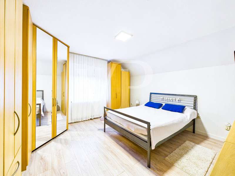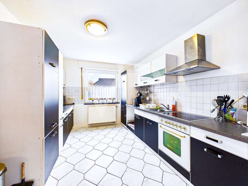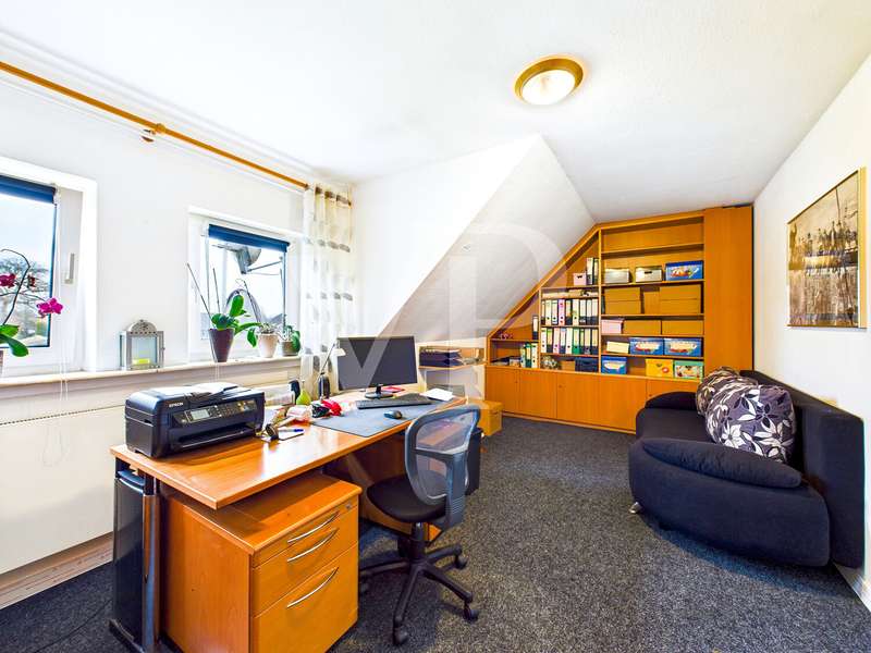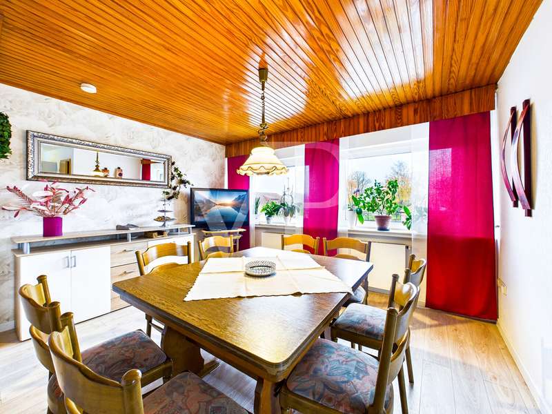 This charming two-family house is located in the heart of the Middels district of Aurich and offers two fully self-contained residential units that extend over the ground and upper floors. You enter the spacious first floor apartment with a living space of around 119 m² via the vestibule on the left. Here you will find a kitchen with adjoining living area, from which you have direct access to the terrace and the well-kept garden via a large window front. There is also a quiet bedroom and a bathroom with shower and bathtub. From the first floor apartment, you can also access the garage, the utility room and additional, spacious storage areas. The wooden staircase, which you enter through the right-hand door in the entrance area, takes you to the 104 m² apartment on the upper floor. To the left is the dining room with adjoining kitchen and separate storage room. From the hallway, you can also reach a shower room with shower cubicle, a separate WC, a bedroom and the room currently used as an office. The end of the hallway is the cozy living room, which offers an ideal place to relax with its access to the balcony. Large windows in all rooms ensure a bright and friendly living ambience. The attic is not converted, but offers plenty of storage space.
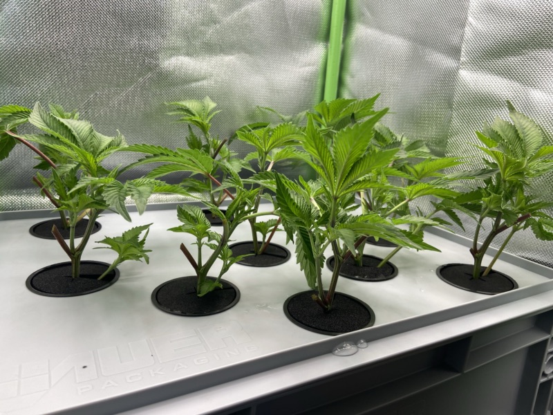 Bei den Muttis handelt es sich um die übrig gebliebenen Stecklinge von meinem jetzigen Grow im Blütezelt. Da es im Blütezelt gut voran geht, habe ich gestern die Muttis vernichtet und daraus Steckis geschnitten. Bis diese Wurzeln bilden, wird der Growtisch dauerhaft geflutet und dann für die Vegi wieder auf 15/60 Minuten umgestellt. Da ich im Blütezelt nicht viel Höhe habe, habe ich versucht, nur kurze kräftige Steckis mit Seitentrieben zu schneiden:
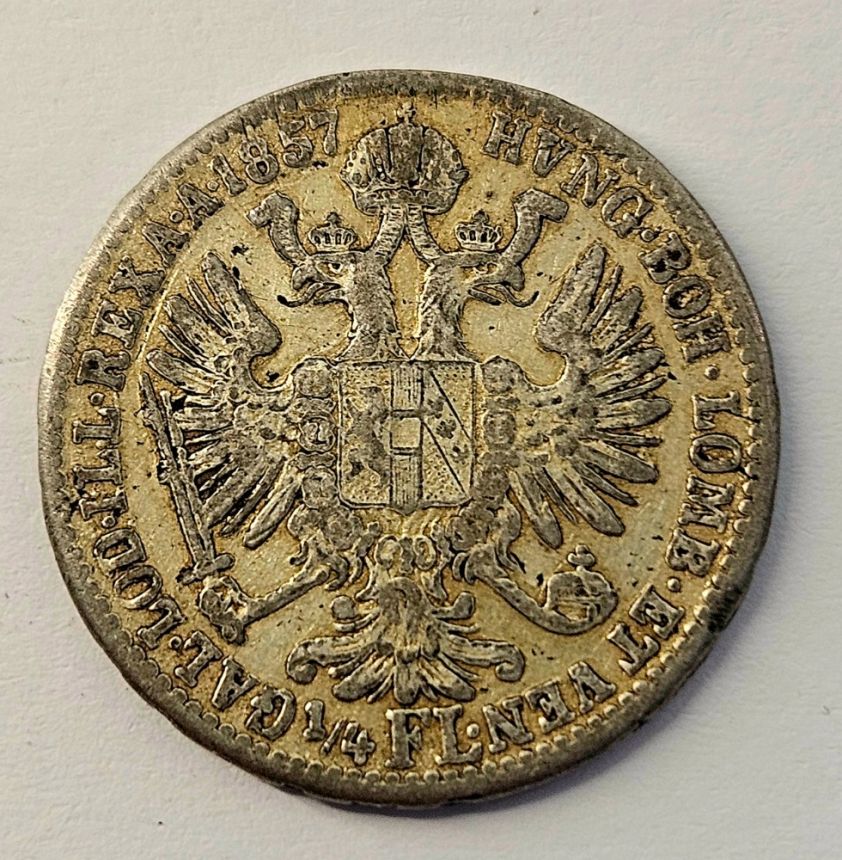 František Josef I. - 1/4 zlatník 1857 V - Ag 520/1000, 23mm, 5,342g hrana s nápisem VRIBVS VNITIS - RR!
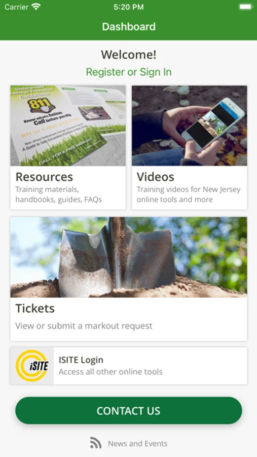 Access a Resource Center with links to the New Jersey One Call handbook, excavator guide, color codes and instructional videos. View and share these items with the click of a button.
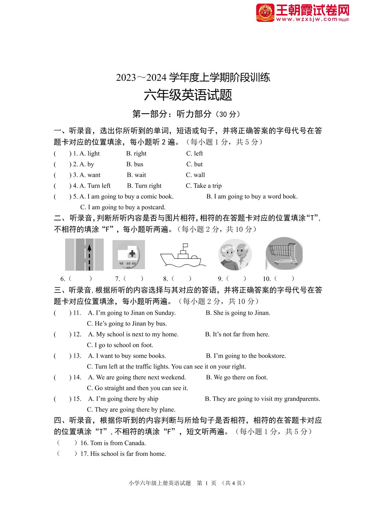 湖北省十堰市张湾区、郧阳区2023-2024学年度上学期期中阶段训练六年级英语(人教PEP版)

---

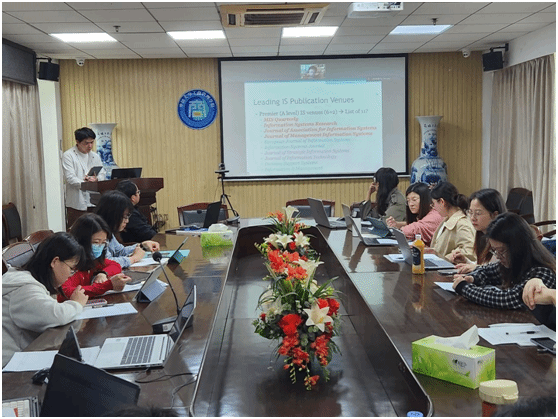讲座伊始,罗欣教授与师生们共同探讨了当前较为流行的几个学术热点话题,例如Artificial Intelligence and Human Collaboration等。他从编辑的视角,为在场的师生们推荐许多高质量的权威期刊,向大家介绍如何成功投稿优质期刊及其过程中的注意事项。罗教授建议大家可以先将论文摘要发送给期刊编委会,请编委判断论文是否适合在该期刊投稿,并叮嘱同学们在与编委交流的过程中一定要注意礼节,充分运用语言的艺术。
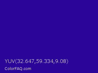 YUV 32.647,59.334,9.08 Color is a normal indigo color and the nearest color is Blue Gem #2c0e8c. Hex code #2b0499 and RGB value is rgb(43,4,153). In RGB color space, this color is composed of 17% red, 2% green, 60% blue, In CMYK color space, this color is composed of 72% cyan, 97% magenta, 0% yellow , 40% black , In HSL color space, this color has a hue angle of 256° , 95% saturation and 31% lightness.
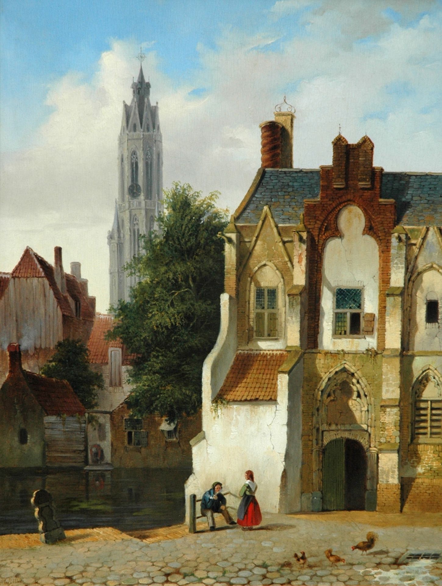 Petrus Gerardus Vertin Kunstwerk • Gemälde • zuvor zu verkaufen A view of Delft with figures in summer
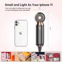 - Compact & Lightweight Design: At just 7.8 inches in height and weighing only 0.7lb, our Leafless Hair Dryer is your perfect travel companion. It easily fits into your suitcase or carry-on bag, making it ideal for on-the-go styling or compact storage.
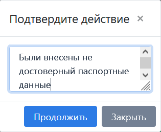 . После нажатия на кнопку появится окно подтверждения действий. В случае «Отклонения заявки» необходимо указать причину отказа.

→ PROBLEM: Write out exactly the run of lines above that starts at the line containing "This charming two-family" and ends at the line containing "František Josef I.". Include both, and leave the pictures out.

→ RESULT OF THE TASK:
 This charming two-family house is located in the heart of the Middels district of Aurich and offers two fully self-contained residential units that extend over the ground and upper floors. You enter the spacious first floor apartment with a living space of around 119 m² via the vestibule on the left. Here you will find a kitchen with adjoining living area, from which you have direct access to the terrace and the well-kept garden via a large window front. There is also a quiet bedroom and a bathroom with shower and bathtub. From the first floor apartment, you can also access the garage, the utility room and additional, spacious storage areas. The wooden staircase, which you enter through the right-hand door in the entrance area, takes you to the 104 m² apartment on the upper floor. To the left is the dining room with adjoining kitchen and separate storage room. From the hallway, you can also reach a shower room with shower cubicle, a separate WC, a bedroom and the room currently used as an office. The end of the hallway is the cozy living room, which offers an ideal place to relax with its access to the balcony. Large windows in all rooms ensure a bright and friendly living ambience. The attic is not converted, but offers plenty of storage space.
 Bei den Muttis handelt es sich um die übrig gebliebenen Stecklinge von meinem jetzigen Grow im Blütezelt. Da es im Blütezelt gut voran geht, habe ich gestern die Muttis vernichtet und daraus Steckis geschnitten. Bis diese Wurzeln bilden, wird der Growtisch dauerhaft geflutet und dann für die Vegi wieder auf 15/60 Minuten umgestellt. Da ich im Blütezelt nicht viel Höhe habe, habe ich versucht, nur kurze kräftige Steckis mit Seitentrieben zu schneiden:
 František Josef I. - 1/4 zlatník 1857 V - Ag 520/1000, 23mm, 5,342g hrana s nápisem VRIBVS VNITIS - RR!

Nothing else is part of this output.